WHAT IS REQUIRED: Could you output every record below exactly, leaving out the pictures?

INPUT DATA:
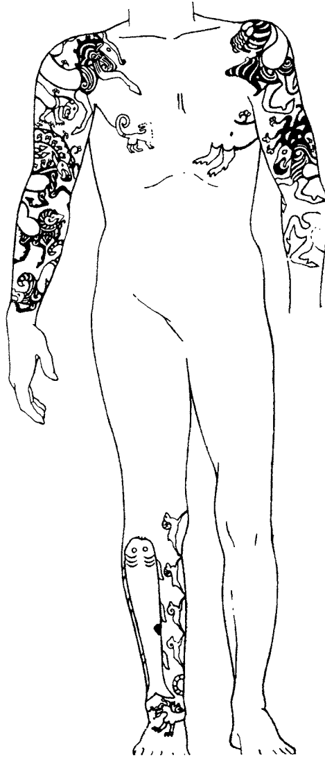
Рис. 2. Татуировка на теле "вождя" из второго Пазырыкского кургана (Руденко 1953. С. 137)

цирюльнику должны отрезать руку" (История Древнего Востока 2002: 184, 185). По всему видно, что в "вечном обиталище царственности", которым был провозглашен Вавилон, причинение телесного вреда наказывалось адекватной манипуляцией, т. е. казнью было повреждение тела провинившегося.
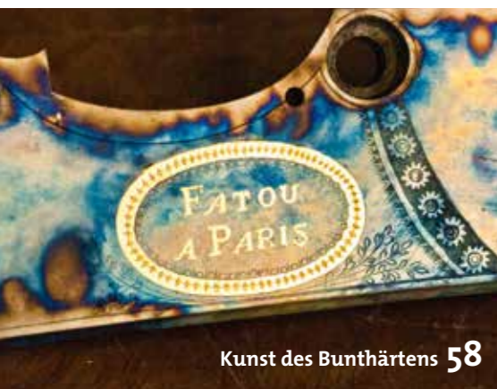
Kunst des Bunthärtens 58
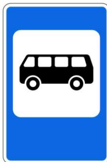
Место остановки автобуса и (или) троллейбуса
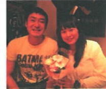
2012年実行委員を された2人の結婚を 新実行委員も祝福
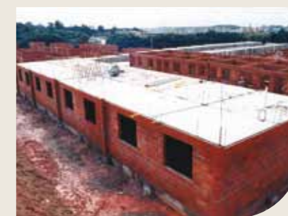
Pré-laje maciça apoiada na alvenaria estrutural

São ideais para conjuntos habitacionais com repetição (padrão CDHU). A principal vantagem é a produtividade na obra.

COMPLETED TASK:
Рис. 2. Татуировка на теле "вождя" из второго Пазырыкского кургана (Руденко 1953. С. 137)

цирюльнику должны отрезать руку" (История Древнего Востока 2002: 184, 185). По всему видно, что в "вечном обиталище царственности", которым был провозглашен Вавилон, причинение телесного вреда наказывалось адекватной манипуляцией, т. е. казнью было повреждение тела провинившегося.
Kunst des Bunthärtens 58
Место остановки автобуса и (или) троллейбуса
2012年実行委員を された2人の結婚を 新実行委員も祝福
Pré-laje maciça apoiada na alvenaria estrutural

São ideais para conjuntos habitacionais com repetição (padrão CDHU). A principal vantagem é a produtividade na obra.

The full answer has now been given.